Did he stay previously?
My DH stayed before and I know he would not again 😂 (unless it was life & death situation of course). Staying on the floor/chair is not fun for anyone plus the food options aren’t great from hospital cafes,
partners aren’t fed hospital food.
I don’t blame him

How could he have stayed previously?? This is clearly her first hysterectomy, she’s pregnant 🤦🏻‍♀️

LogicVoid · 22/05/2025 08:14

(also getting hysterectomy)

Any possibility you have a Mum or sister who would be up for a bit of nurturing and support for you? You're right to be concerned.
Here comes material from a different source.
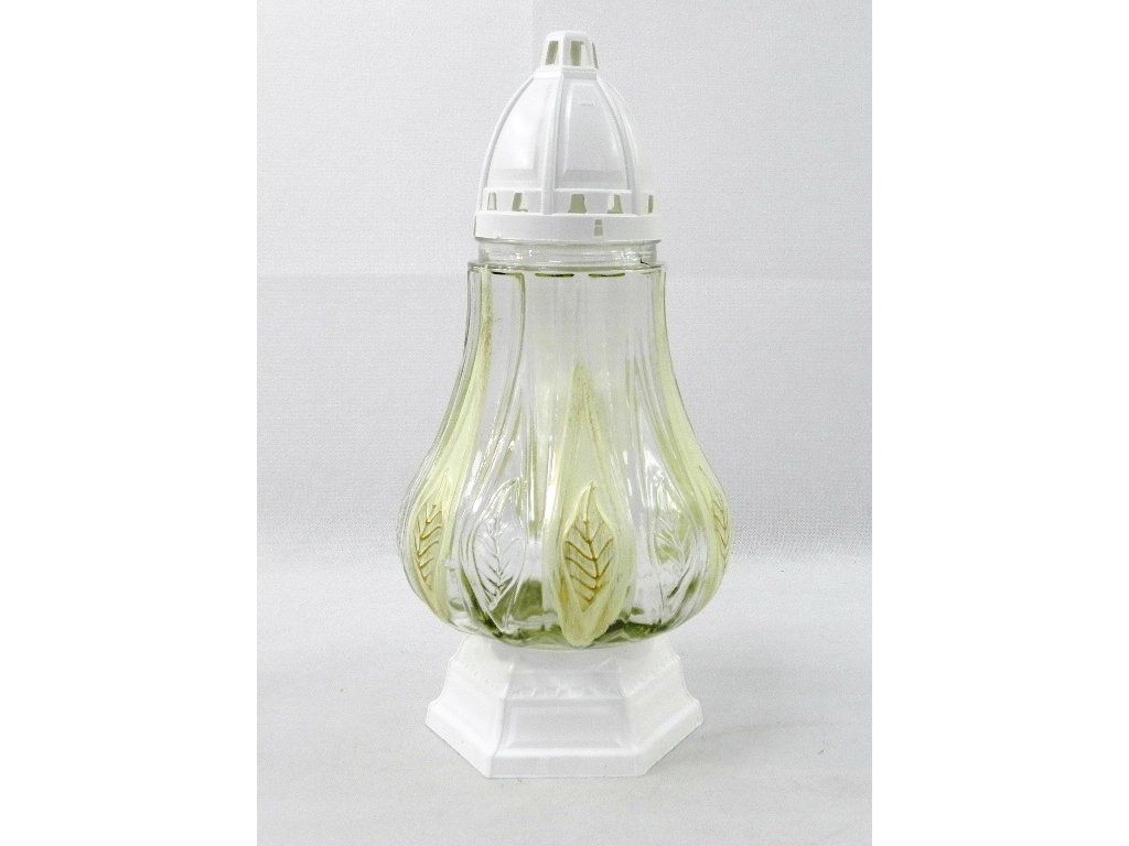 Sklenený kahanec s listami. Výška: 31 cm. Predáva sa spolu s náplňou.

Can you ask the hospital what extra baby support will be in place in these circumstances. Don't leave things to chance.

Actually, I think it needs spelling out more explicitly to your husband that this isn't a straightforward 'caesarean birth scenario' and he should be aware of the potential issues and aftercare support that will needed. He needs to be fully informed so he can step up.
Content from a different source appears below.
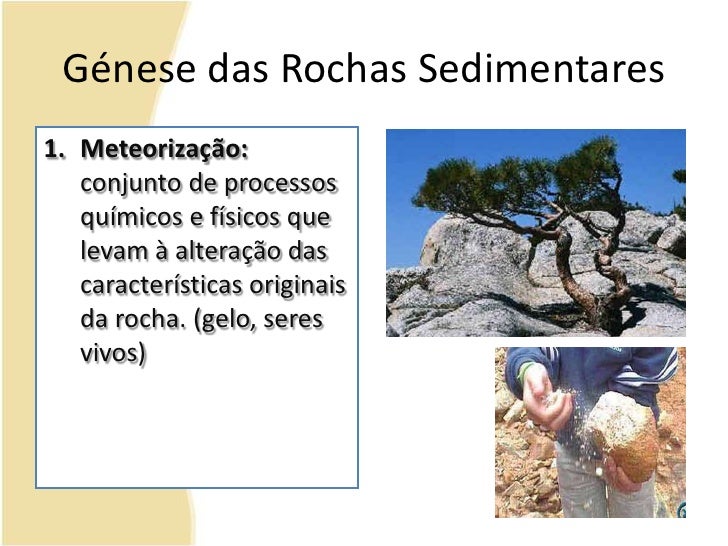 6. 6. Génese das Rochas Sedimentares<br />Meteorização: conjunto de processos químicos e físicos que levam à alteração das características originais da rocha. (gelo, seres vivos)<br />
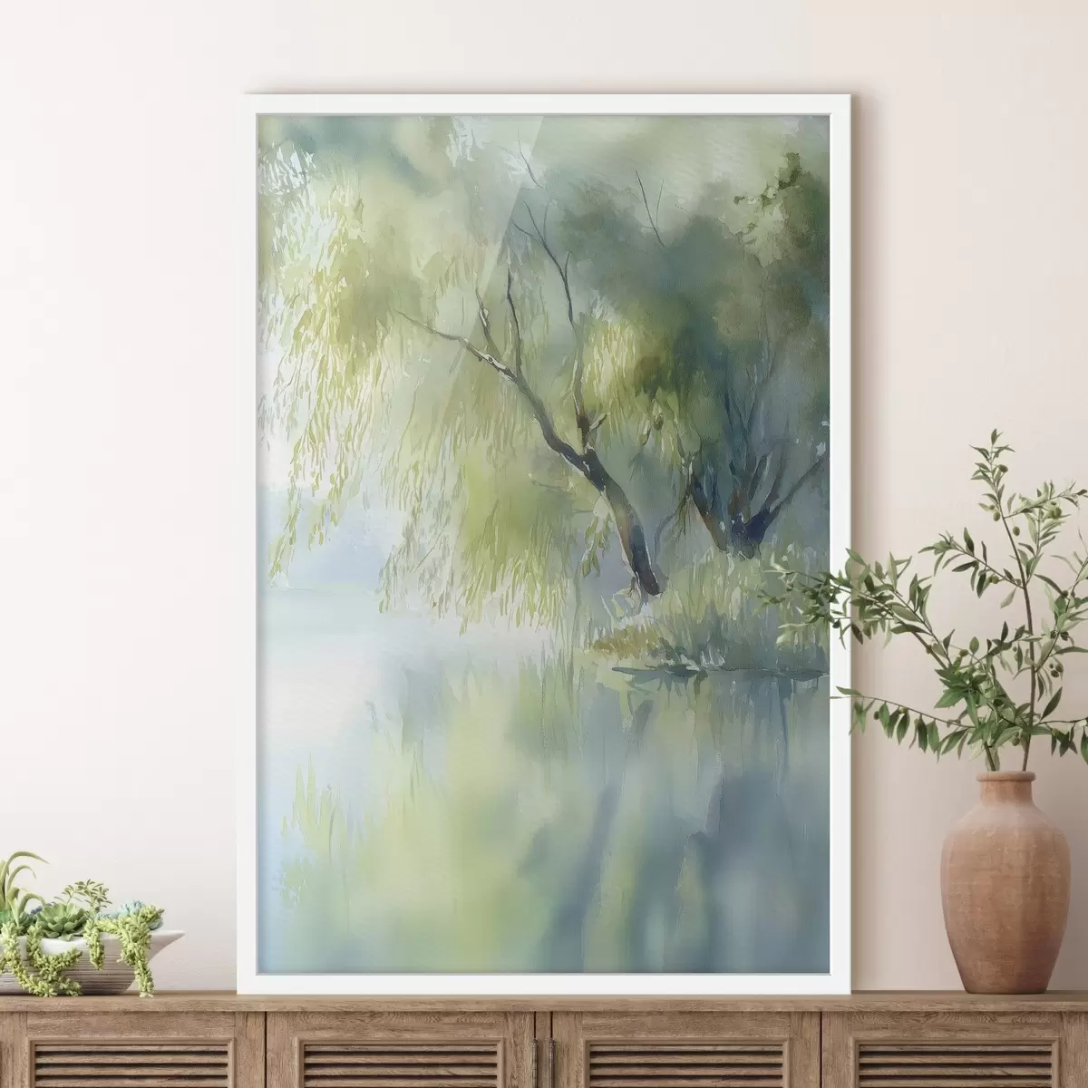 Affiche saule au bord du lac, style aquarelle Non f45715

Theworldisinyourhands · 22/05/2025 08:15

OP I've worked on maternity wards and I think your dh should stay because

  1. You've asked him to
  2. You're having major abdominal surgery. It's not fair for anyone involved to expect you to cope feeding and changing a baby after this. I'm sure the nurses would love to dedicate somebody one to one but this just isn't feasible with the current state of the NHS. We all know this
  3. You've asked him to
  4. Unfortunately you just can't be sure that on a busy maternity ward staff are going to be vigilant to any subtle signs of deterioration in you or baby. Your partner would be able to do this
  5. You've asked him to
  6. You've asked him to

I'd be insisting that he stays or I'd be recruiting somebody else as a birthing partner who is willing to stay and tough shit if that means he misses baby's birth. If he has a form for this I'd also be mentally making a plan how you're going to leave and cope without him after the birth. If he's this much of a clueless and selfish twat about this one issue I'd say there's a pretty good chance this will show itself in other ways as well unfortunately.

MyOliveHelper · 22/05/2025 08:16

I'd want someone with me and I'm a midwife...

nopineapplepizza · 22/05/2025 08:29

MyOliveHelper · 22/05/2025 08:16

I'd want someone with me and I'm a midwife...

⬆️ this says everything you need to know.